Сильвия медленно переводит взгляд от моего пальца к небу, словно его тоже рисую, и я рассказываю ей историю Персея. Он обезглавил горгону Медузу, которая обращала в камень каждого, кто осмеливался взглянуть на неё. Персей обезглавил Медузу, глядя на её отражение в медном щите Афины Паллады. Из крови горгоны Медузы появился белый, как морская пена, крылатый конь Пегас, который и поныне свободно летает по Млечному Пути. Персей случайно встречает пленённую им Андромеду и спасает её. Освобождает из плена морского чудовища.
— Папа показал мне, что небо — не экран. Я воспринимал его как телевизор — видел только светящиеся точки, как бы случайно разбросанные там и тут. Но если присмотреться внимательнее, небо похоже на море — такое же глубокое, можно даже увидеть расстояние между звёздами и испугаться, какой же ты крохотный. И всю эту глубину, полную страхов, можно заполнить разными историями. Знаешь, Сильвия, я поначалу не верил, но в небе, оказывается, находится уйма всяких историй. Прежде я не видел их, а теперь читаю, как в книге. Мой отец научил меня видеть их, а иначе они исчезают, прячутся, невидимыми нитями сюжетов тянутся от одной звезды к другой…
Сильвия слушает меня, рассматривая светящиеся на тёмном небе точки. У неё спокойно на душе. Сильвия улыбается:
— Люди немного похожи на звёзды: хоть и далеко светят, но светят, и всегда могут рассказать что-то интересное… Только нужно время, иногда много времени, чтобы их истории дошли до наших сердец, как свет далёких звёзд доходит до наших глаз. К тому же истории ведь ещё нужно уметь рассказывать. У тебя это хорошо получается, Лео, с увлечением. Наверное, когда-нибудь станешь астрофизиком или писателем…
— Астро… Это кто составляет гороскопы? Нет, предсказывать будущее — не моё занятие…
— Да ты не понял, глупый! Астрофизик — это учёный, который изучает небо, звёзды, небесные орбиты.
— Кто знает… Это было бы интересно. Только астрофизикам наверняка нужно очень хорошо знать математику. К тому же Млечный Путь — это, пожалуй, один из немногих случаев, когда белый цвет меня не пугает.
— Почему?
— Наверное, потому, что состоит из множества маленьких светящихся точек, соединённых друг с другом… и за каждым таким соединением таится история, которую можно запомнить…
— Да… только прекрасные истории заслуживают созвездий…

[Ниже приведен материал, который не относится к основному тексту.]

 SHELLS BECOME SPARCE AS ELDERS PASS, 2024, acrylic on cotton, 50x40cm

— Ты права. Посмотри, как Персей освобождает Андромеду, посмотри на Пегаса, как он летает, белоснежный и свободный…
— Тут требуется немного фантазии, но…
Прерываю Сильвию, чьи слова словно уносятся в прозрачном воздухе к самим звёздам, и кажется, будто те слышат нас.

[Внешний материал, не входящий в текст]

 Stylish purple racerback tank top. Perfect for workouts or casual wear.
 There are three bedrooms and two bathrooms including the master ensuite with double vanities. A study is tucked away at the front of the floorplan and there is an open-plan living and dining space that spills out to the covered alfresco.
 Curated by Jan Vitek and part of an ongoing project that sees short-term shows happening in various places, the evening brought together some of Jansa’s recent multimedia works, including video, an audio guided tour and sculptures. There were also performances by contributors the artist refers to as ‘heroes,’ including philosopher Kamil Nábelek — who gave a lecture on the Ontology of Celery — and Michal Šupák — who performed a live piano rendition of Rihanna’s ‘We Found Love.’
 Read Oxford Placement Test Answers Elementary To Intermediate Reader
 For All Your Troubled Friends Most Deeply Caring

— Мне хотелось бы, — говорю, — подобно Персею, освободить Беатриче от этого чудовища. И ускакать на крылатом коне…
— Это было бы чудесно…
— По-твоему, я мог бы и писателем стать?
— Расскажи какую-нибудь историю…
Задумываюсь. Смотрю на самую красную мерцающую звезду.

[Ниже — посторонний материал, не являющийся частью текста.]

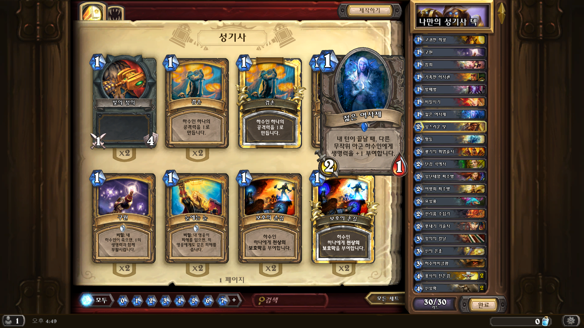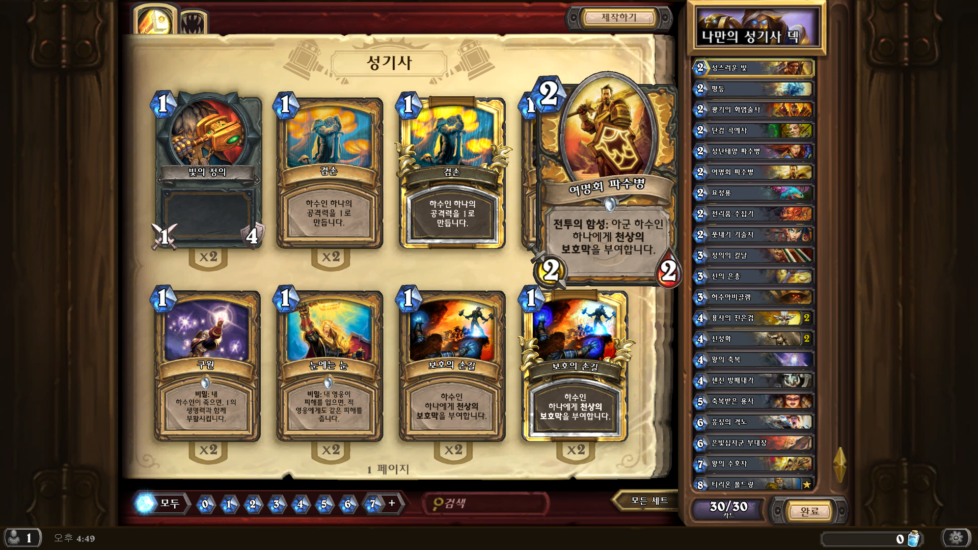 오염된노움1, 은빛십자군총사1, 젊은여사제1,화난닭1, 황금골보병2
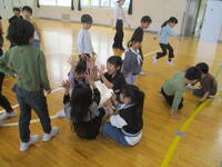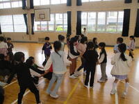 学校生活紹介のあとは、「猛獣狩りに行こうよ」ゲーム!1年生・2年生入り混じって、人数仲間集めを楽しんでいました。先輩2年生のかかわりの中で、1年生がさらに安心感を持って学校生活を送れることを願っています。
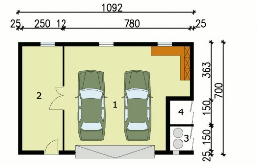 Projekt garażu dwustanowiskowego z pom. gospodarczym
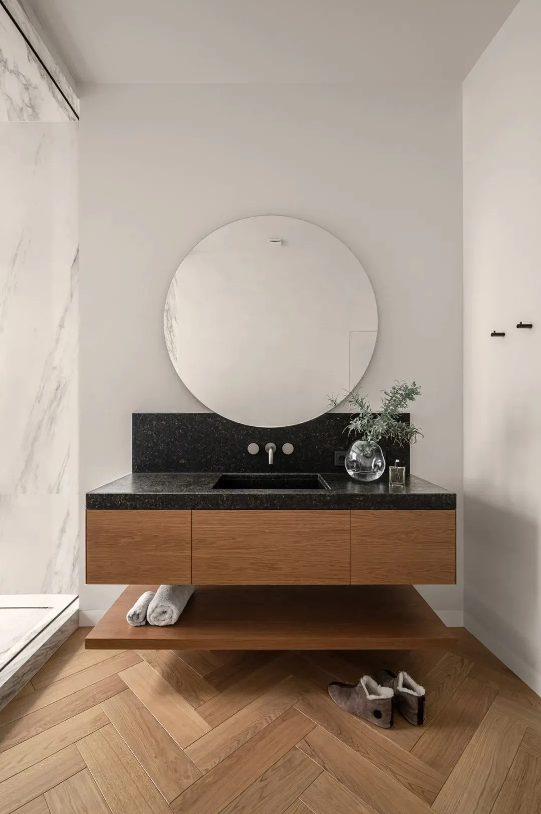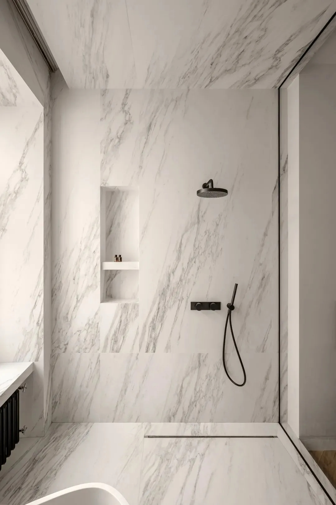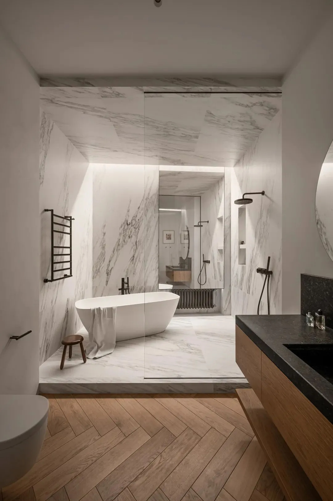 浴室设计也极具格调,搭配了一面大窗户,保证充足采光的同时,也让空间更显通透,大理石装饰面与木质元素的碰撞,将轻奢与素雅完美诠释,既有质感又不失温柔。
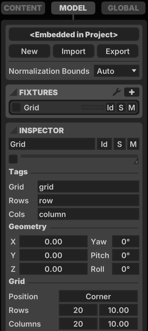 - FIXTURES: Specify a list of lighting fixtures that make up your overall model
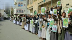 وردد المشاركون الهتافات الغاضبة والرفض القاطع لهذه الإساءة الأمريكية الوقحة، محملين الولايات المتحدة الأمريكية ومعها بريطانيا والعدو الصهيوني، المسؤولية الكاملة عن هذه الإساءات المتكررة التي تعكس عداءً صريحاً للإسلام والمسلمين.
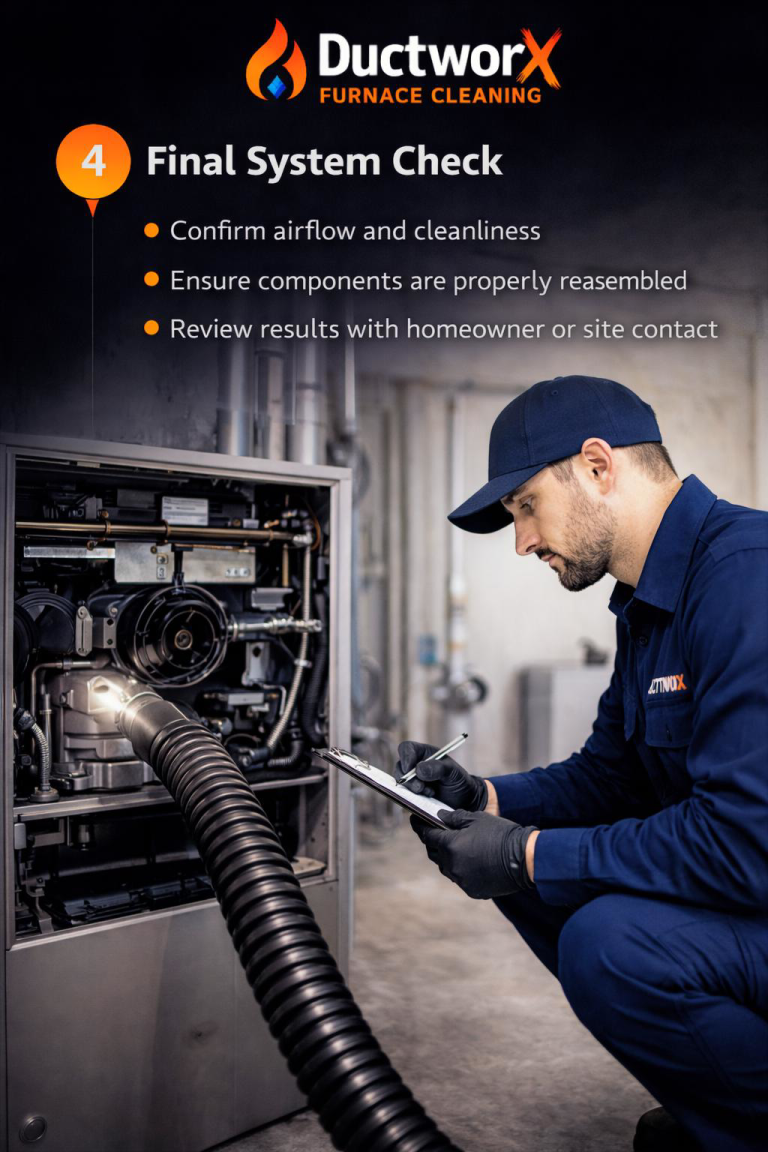 Our furnace-first methodology follows a clear, step-by-step process to ensure safe, thorough, and consistent cleaning results across residential and commercial systems.
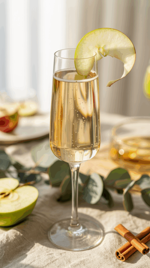 - Garnish with an apple slice on the rim or drop in a cinnamon stick. Serve immediately and enjoy the bubbles.
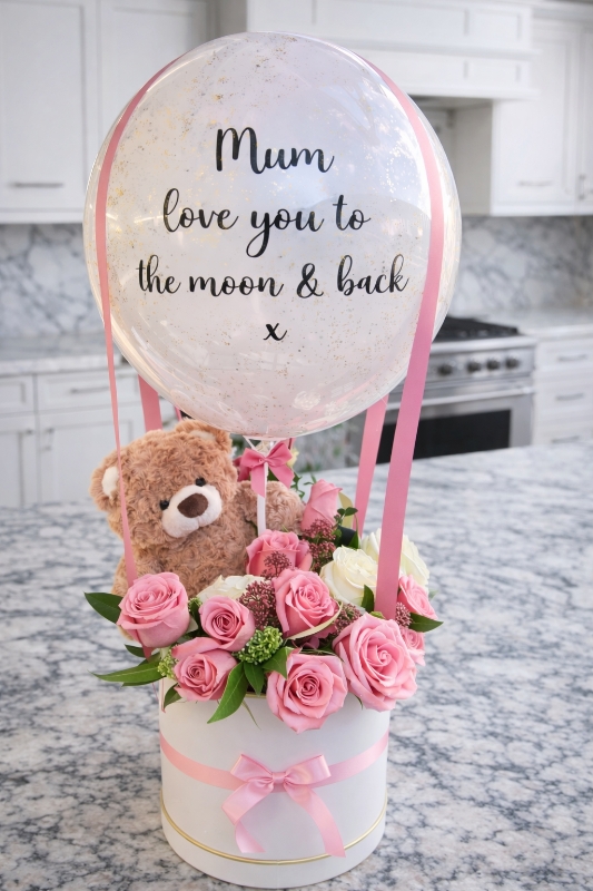 Perfect Mothers Day gift of fresh pink & white roses balloons and a cute teddy bear. We also do this in artificial roses which is the £50 option
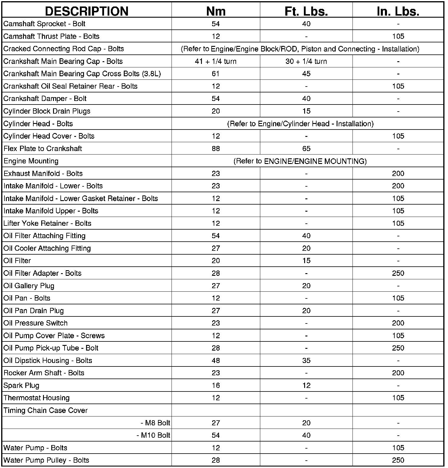 Engine Torque Specifications
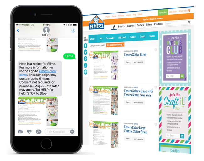 Snipp created a text-to-receive program where consumers can text in the keyword SLIME to 811811 to get a recipe (image) on how to make Slime using Elmer’s Glue, along with a link to the website for more recipes.
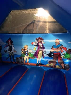 Shiver me timbers its our New Pirate Slide Bouncy Castle. This Pirate theme is a great idea for any party as not only can you bounce around inside the castle, but also slide down the deck on the internal slide.
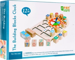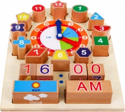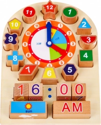 Ten drewniany zestaw zegarowy pomoże Twojemu dziecku łatwo nauczyć się rozpoznawać czas, porę dnia, pogodę i miesiące. Zawiera dwie ruchome wskazówki, które można dowolnie ustawiać na różne godziny. Dziecko może od razu zapisywać czas za pomocą kostek z liczbami, a także rozpoznawać porę dnia oraz to, czy jest słonecznie, pochmurno, deszczowo czy śnieżnie. Kostki z liczbami mają różne kształty, które należy prawidłowo umieścić na tablicy.

— Жила-была однажды звезда, молодая такая звезда. И как все молодые звёздочки, маленькая и белая, как молоко. И казалась очень хрупкой, но потому лишь, что испускала много света, отчего становилась почти прозрачной. Звали её Нана, это значит Крохотная. А второе имя Бьянка — Белая, потому что цветом походила на молоко. Вот и получилось у неё такое имя — Нана Бьянка, а проще — Нана. Звёздочка любила бродить по небу и знакомиться с другими звёздами. Но шло время, она выросла и из малышки Наны превратилась в Большую Красную Звезду. Все остальные звёзды завидовали её красоте и её золотистым лучам, разлетавшимся, словно длиннейшие волосы. Но секрет Красной Звезды заключался в том, что на самом-то деле, в душе своей, она оставалась малышкой Наной, простой, яркой и чистой звёздочкой, хотя и выглядела большой и красной. Вот почему она до сих пор сияет в небе, меняя свой цвет с белого на красный и наоборот. И нет ничего чудеснее её на небе. И на Земле тоже.